I have looked at the work of László Moholy-Nagy he was born in Hungary,  and began to study law before joining the Austro-Hungarian army at the outbreak of World War 1. Although he had already begun to draw, it was during the war that  he turned to it in a serious manner producing hundreds of sketches in 1917 he was wounded and had a long convalescence he then began thinking seriously about becoming an artist. He worked with many different techniques and media, such as painting, photography, sculpture, film and graphics and explored the relationships between light and colour  In his abstract paintings,  gaining his inspiration  from the Russian avant-garde: Constructivism, the Suprematists Malevich and Lissitzky.
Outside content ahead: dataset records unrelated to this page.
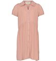 Elegante Sofie Schnoor jurk in het wit met korte mouwen, versierd met prachtige anglaise borduurwerk. De Jurk heeft fijne gekreukeld panelen en knoppen aan de voorkant, wat zorgt voor een stijlvolle uitstraling. Perfect voor elke garderobe.
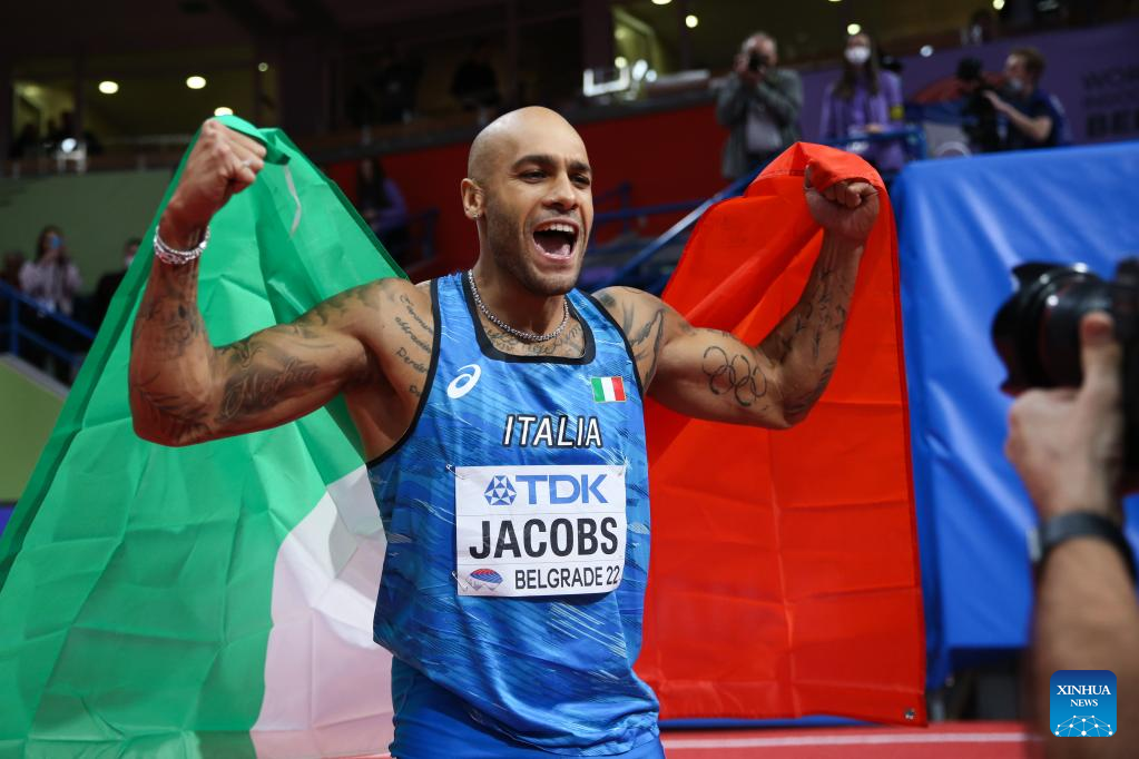 Lamont Marcell Jacobs of Italy celebrates after the men's 60m final at the World Athletics Indoor Championships Belgrade 2022 in Stark Arena, Belgrade, Serbia, March 19, 2022. (Xinhua/Zheng Huansong)
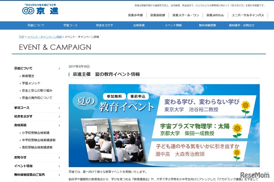 京進の夏の教育イベント
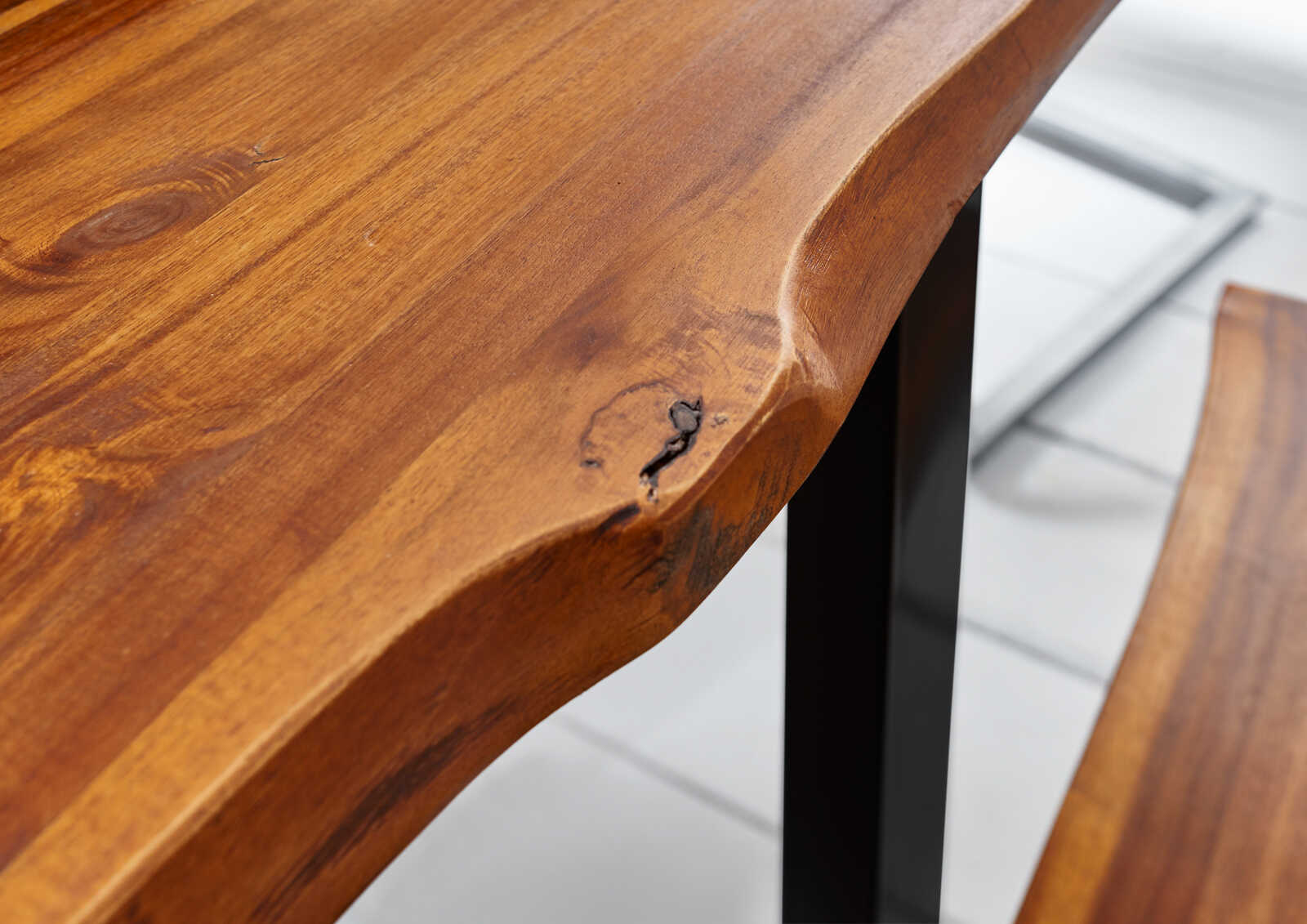 Schreiben Sie die erste Rezension für „Esstisch Baumkante massiv Akazie cognac 220 x 100 schwarz ESRA“

Moholy-Nagy became  interested in photography after meeting Lucia Schultz, a talented photographer who he later married. 
He was interested in painting with light, and the techniques used to create an image. He was one of the first artists to experiment with photograms, these were images made without using a camera. He placed every day objects between a sheet of light-sensitive paper and a light source to create abstract shadow images. He also worked with photomontage,  cutting images out of  newspapers and magazines to create a new picture. He would draw and paint  these montages, and then photograph them joining the components into an image that could be reproduced from a negative. He called these photomontages “photoplastics”* to emphasise that it is the light that shaped the image. 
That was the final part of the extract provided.